## YOUR TASK
In the entries below, repeat only the lines between those holding "7.2.10 Stamford Highback" and "2 Pf. Freimarke", inclusive. Leave pictures out.

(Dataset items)
┌──

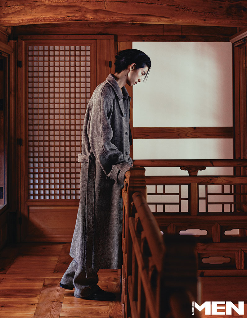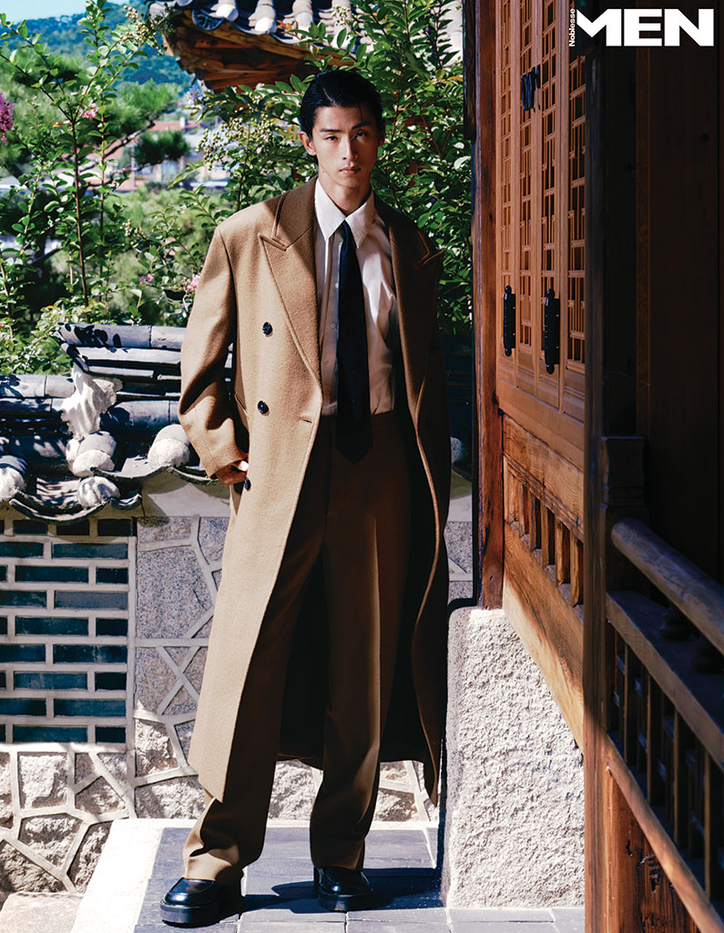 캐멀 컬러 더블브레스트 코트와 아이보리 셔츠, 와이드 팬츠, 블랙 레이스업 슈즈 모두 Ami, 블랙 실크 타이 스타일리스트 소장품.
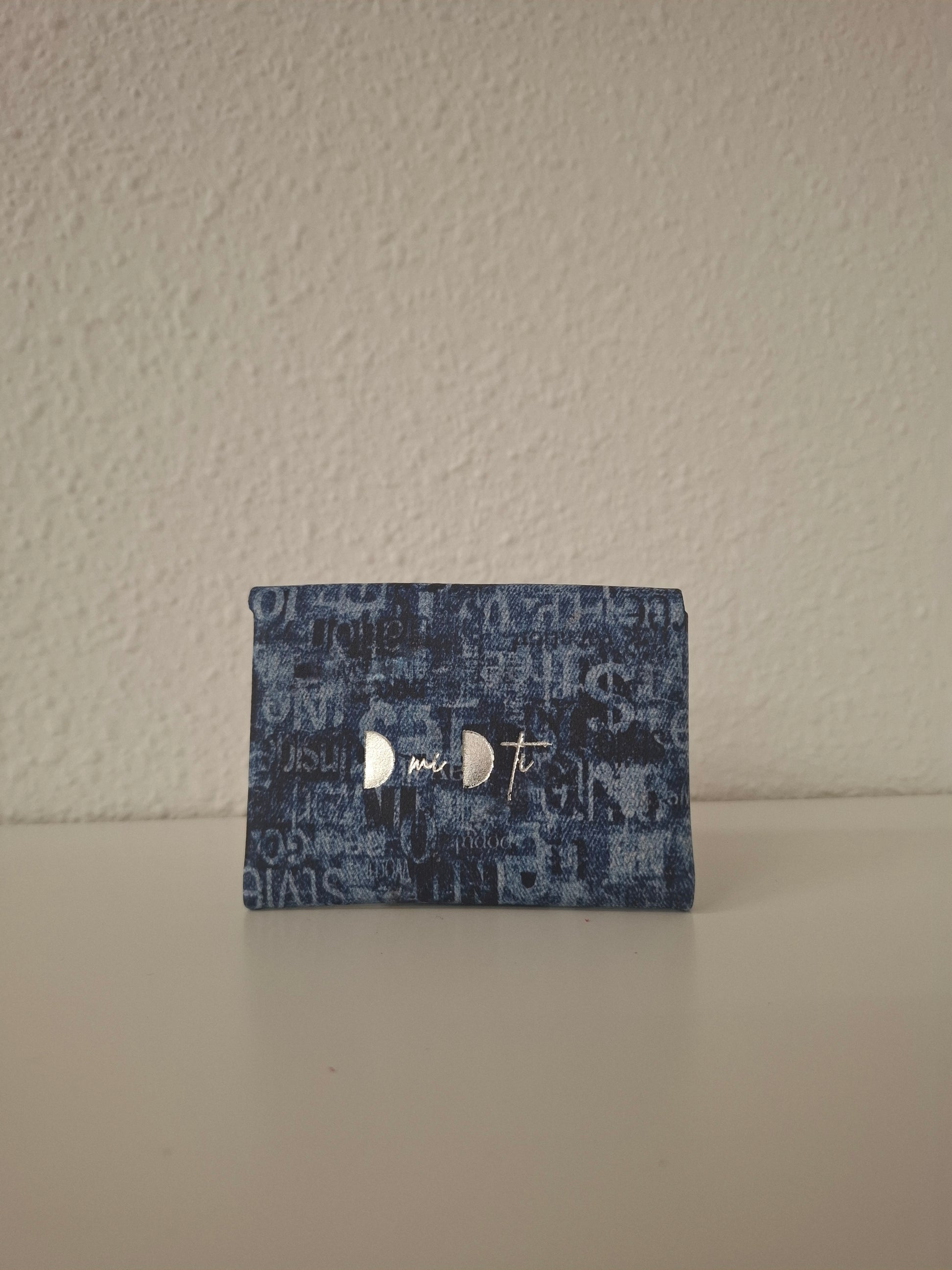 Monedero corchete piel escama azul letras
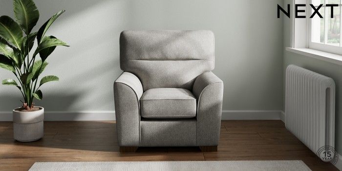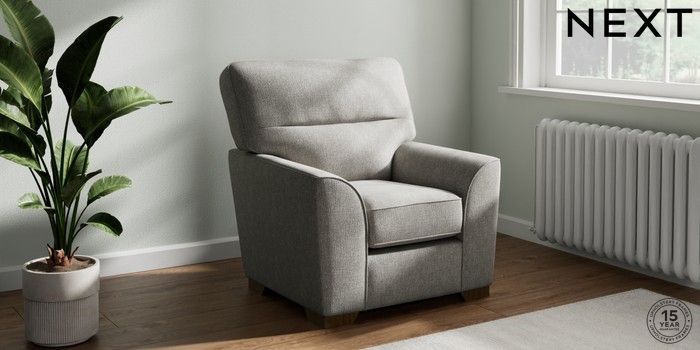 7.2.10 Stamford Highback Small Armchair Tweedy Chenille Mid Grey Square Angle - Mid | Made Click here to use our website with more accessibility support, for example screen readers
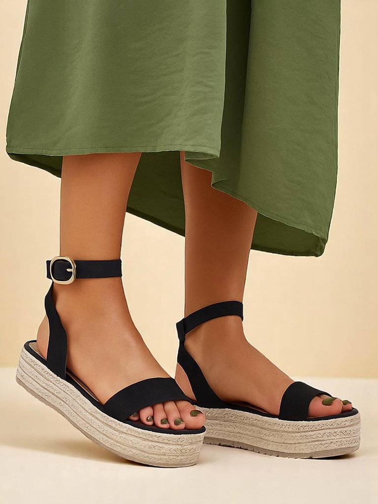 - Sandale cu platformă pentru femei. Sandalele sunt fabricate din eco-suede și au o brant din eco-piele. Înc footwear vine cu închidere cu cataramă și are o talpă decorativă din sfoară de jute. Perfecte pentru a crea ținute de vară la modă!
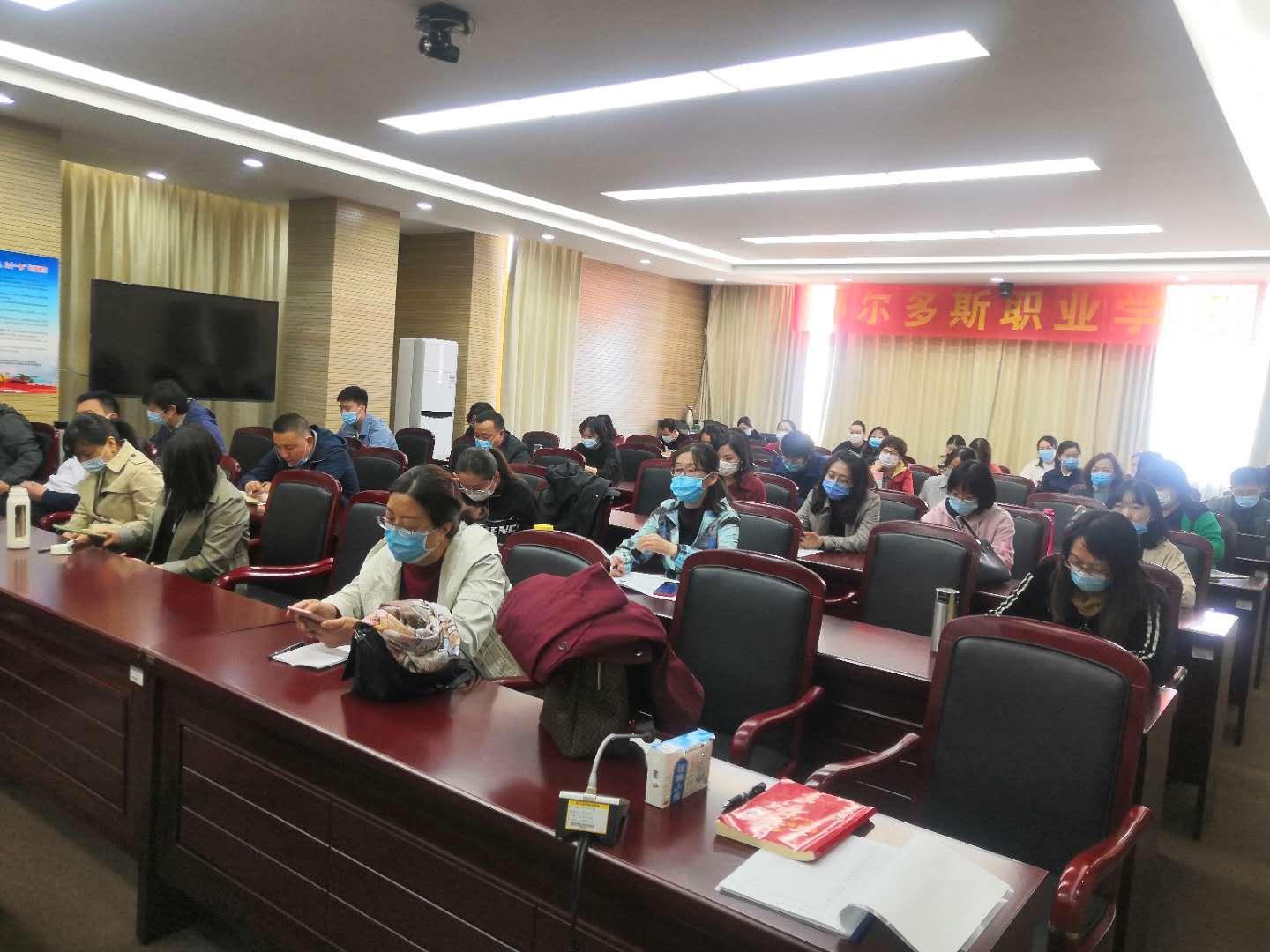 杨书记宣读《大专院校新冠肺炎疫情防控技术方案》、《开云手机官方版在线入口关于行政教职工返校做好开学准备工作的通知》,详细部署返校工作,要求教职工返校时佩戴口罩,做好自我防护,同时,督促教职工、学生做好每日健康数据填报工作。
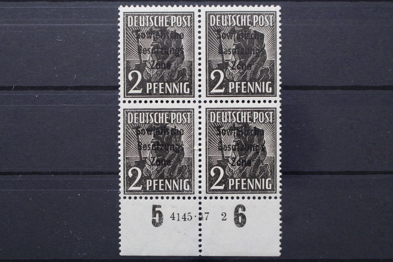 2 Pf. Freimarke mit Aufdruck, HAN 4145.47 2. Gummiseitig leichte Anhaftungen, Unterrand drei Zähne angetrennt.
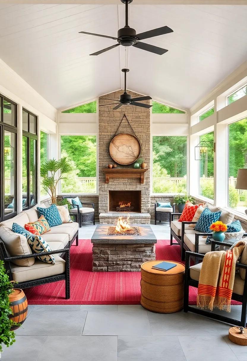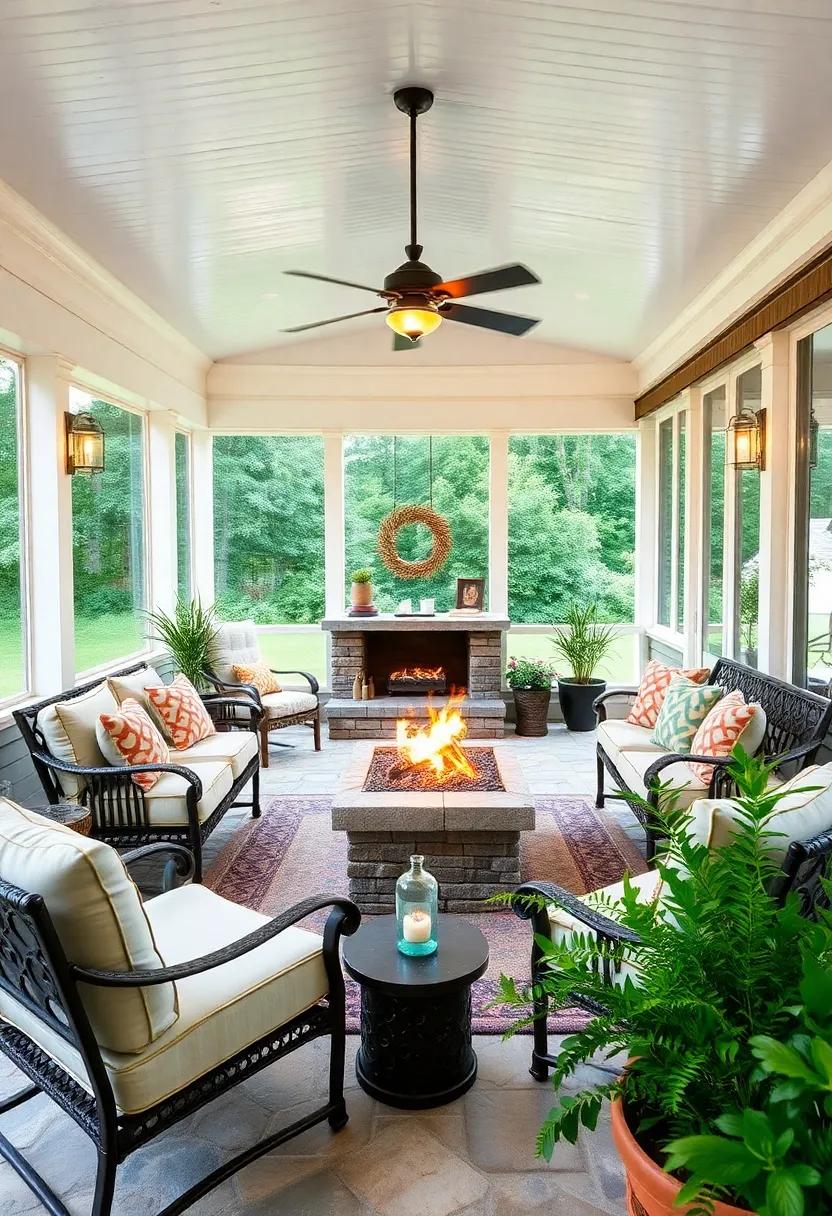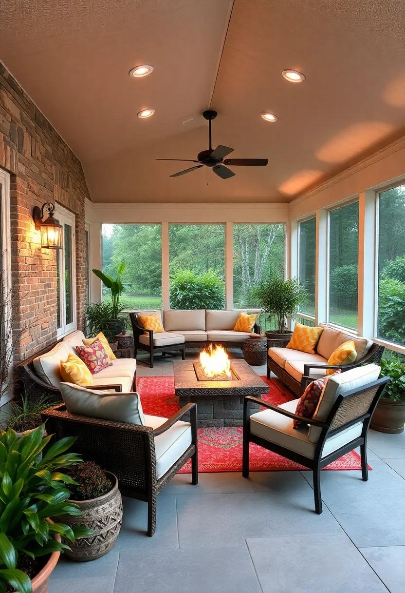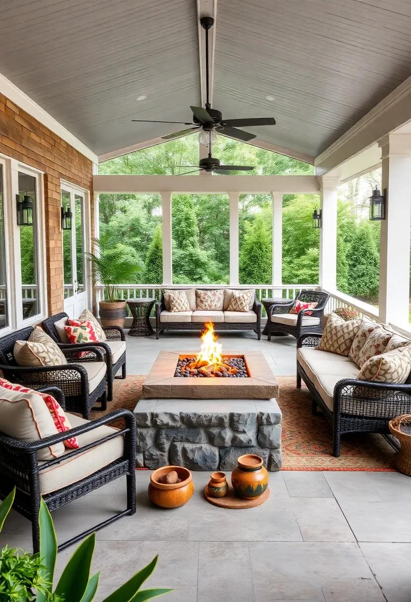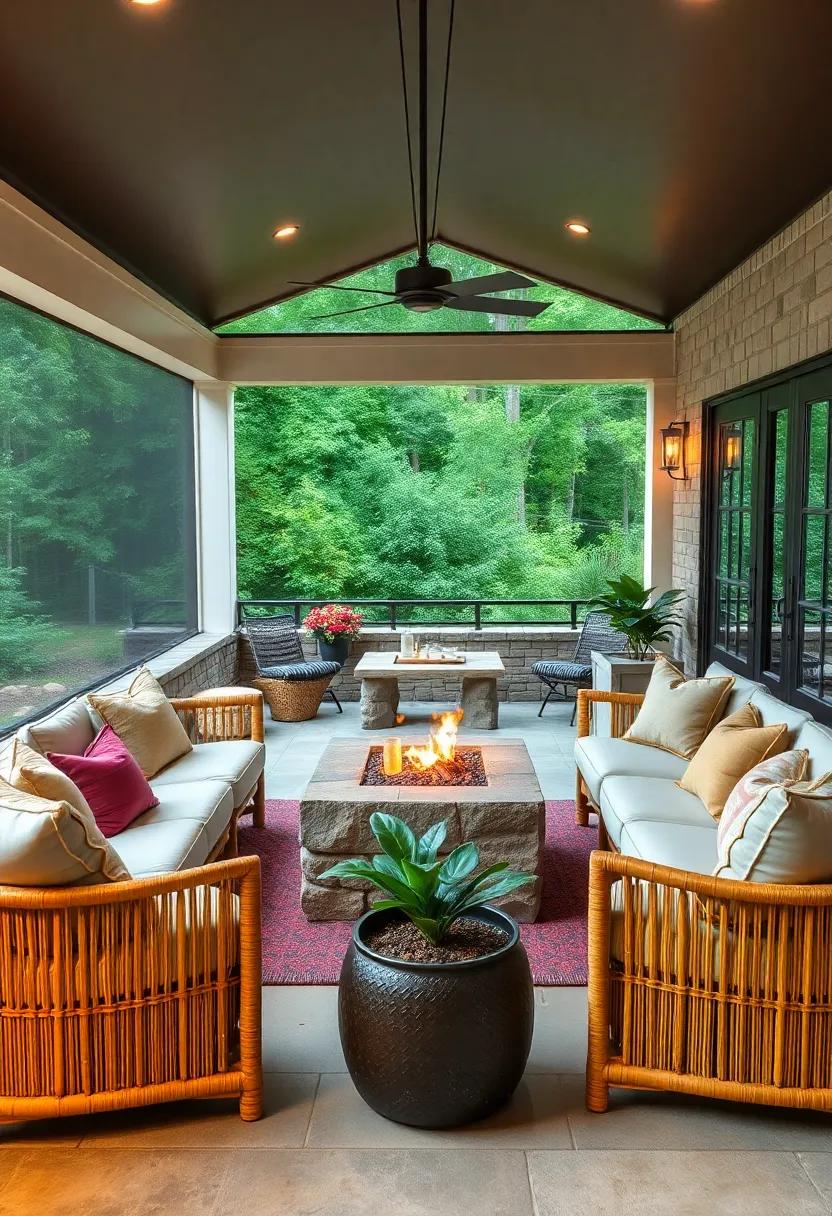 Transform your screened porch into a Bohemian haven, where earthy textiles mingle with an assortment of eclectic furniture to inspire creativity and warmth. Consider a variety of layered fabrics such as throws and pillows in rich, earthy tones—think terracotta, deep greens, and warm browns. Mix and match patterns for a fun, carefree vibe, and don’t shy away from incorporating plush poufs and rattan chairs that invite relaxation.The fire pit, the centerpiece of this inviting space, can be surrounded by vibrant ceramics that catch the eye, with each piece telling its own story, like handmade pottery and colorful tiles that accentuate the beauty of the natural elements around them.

└──

## RESPONSE TO THIS EXERCISE
 7.2.10 Stamford Highback Small Armchair Tweedy Chenille Mid Grey Square Angle - Mid | Made Click here to use our website with more accessibility support, for example screen readers
 - Sandale cu platformă pentru femei. Sandalele sunt fabricate din eco-suede și au o brant din eco-piele. Înc footwear vine cu închidere cu cataramă și are o talpă decorativă din sfoară de jute. Perfecte pentru a crea ținute de vară la modă!
 杨书记宣读《大专院校新冠肺炎疫情防控技术方案》、《开云手机官方版在线入口关于行政教职工返校做好开学准备工作的通知》,详细部署返校工作,要求教职工返校时佩戴口罩,做好自我防护,同时,督促教职工、学生做好每日健康数据填报工作。
 2 Pf. Freimarke mit Aufdruck, HAN 4145.47 2. Gummiseitig leichte Anhaftungen, Unterrand drei Zähne angetrennt.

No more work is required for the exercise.